One of the characteristics of Shane is that it is constructed in a kind of cinematic equivalent to sonata form. Sonata form in musical composition is defined as “an exposition in which the main themes are stated, a development section, a recapitulation of the material in the exposition, and, usually, a coda” where a coda is defined as “a more or less independent passage, at the end of a composition, introduced to bring it to a satisfactory close”. The opening sequences of the film can be seen as stating two themes–one is the diminutive stature of the individual against the grandiosity of untamed nature and the other is Shane’s sensitivity to guns and his speed and adroitness in their use. The first is achieved with a long shot which captures the arrival of Shane at the Starrett ranch and the second with Shane’s almost automatic but swift and accurate response to the click of a gun used in play by Brandon de Wilde.

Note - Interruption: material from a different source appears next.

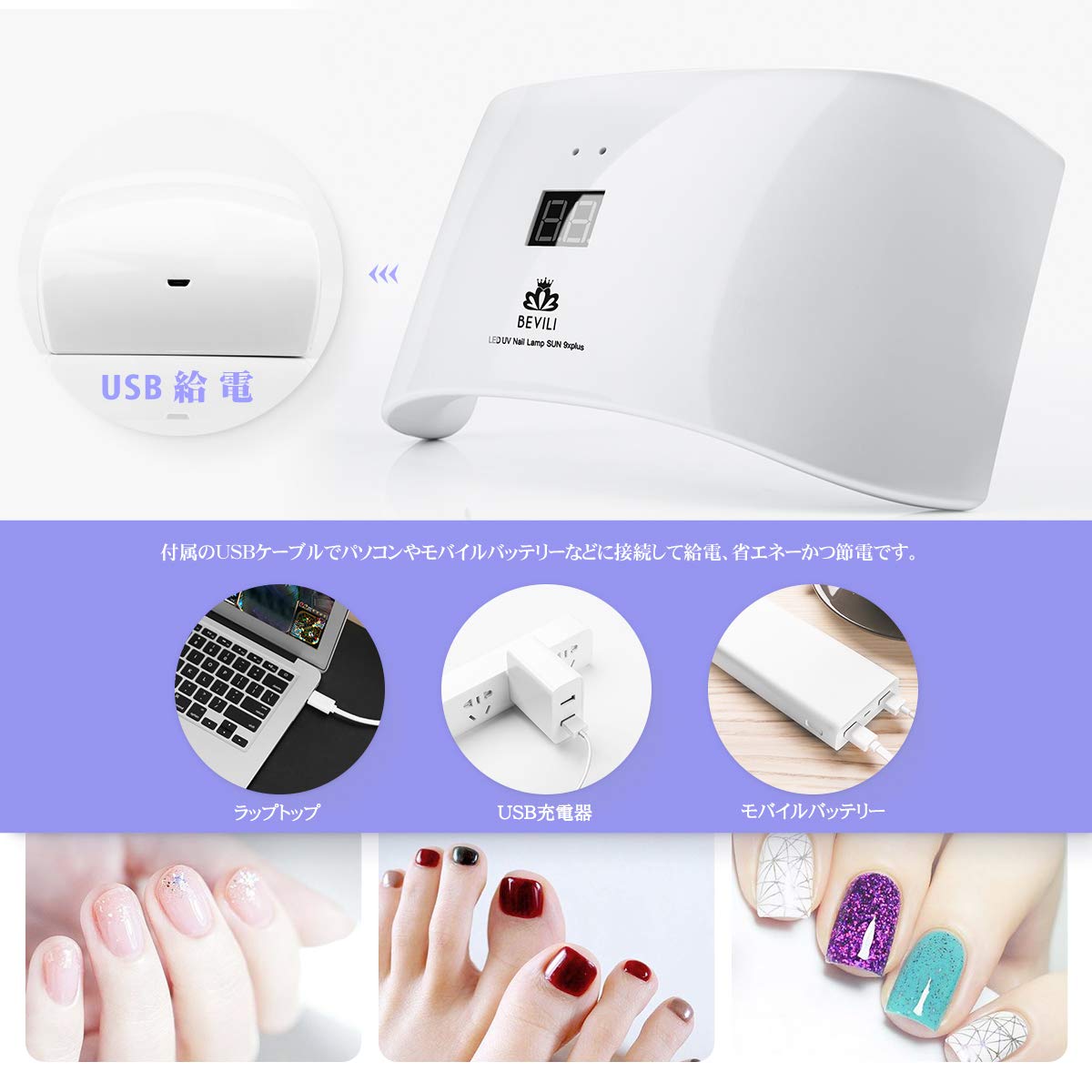 USBポート接続:USB給電式ネイルドライヤーなので、USBケーブルでパソコンやモバイルバッテリーなどに接続して給電でき、いつでもどこでも簡単に使えます。

These two themes are woven together in many variations throughout the film and at the end are recapitulated in reverse order with Shane’s shootout in the saloon and then his departure from the Starrett ranch. The closing sequence of Brandon de Wilde chasing Shane, crying out his name and imploring him to come back constitutes a highly memorable coda.
References: Film and Reality: An Historical Survey by Roy Armes; Films and Filming, May, 1966; Holiday, July, 1953; Monthly Film Bulletin, September, 1953; Partisan Review, March, 1954; Sight and Sound, October/December, 1953; Saturday Review, May 2, 1953.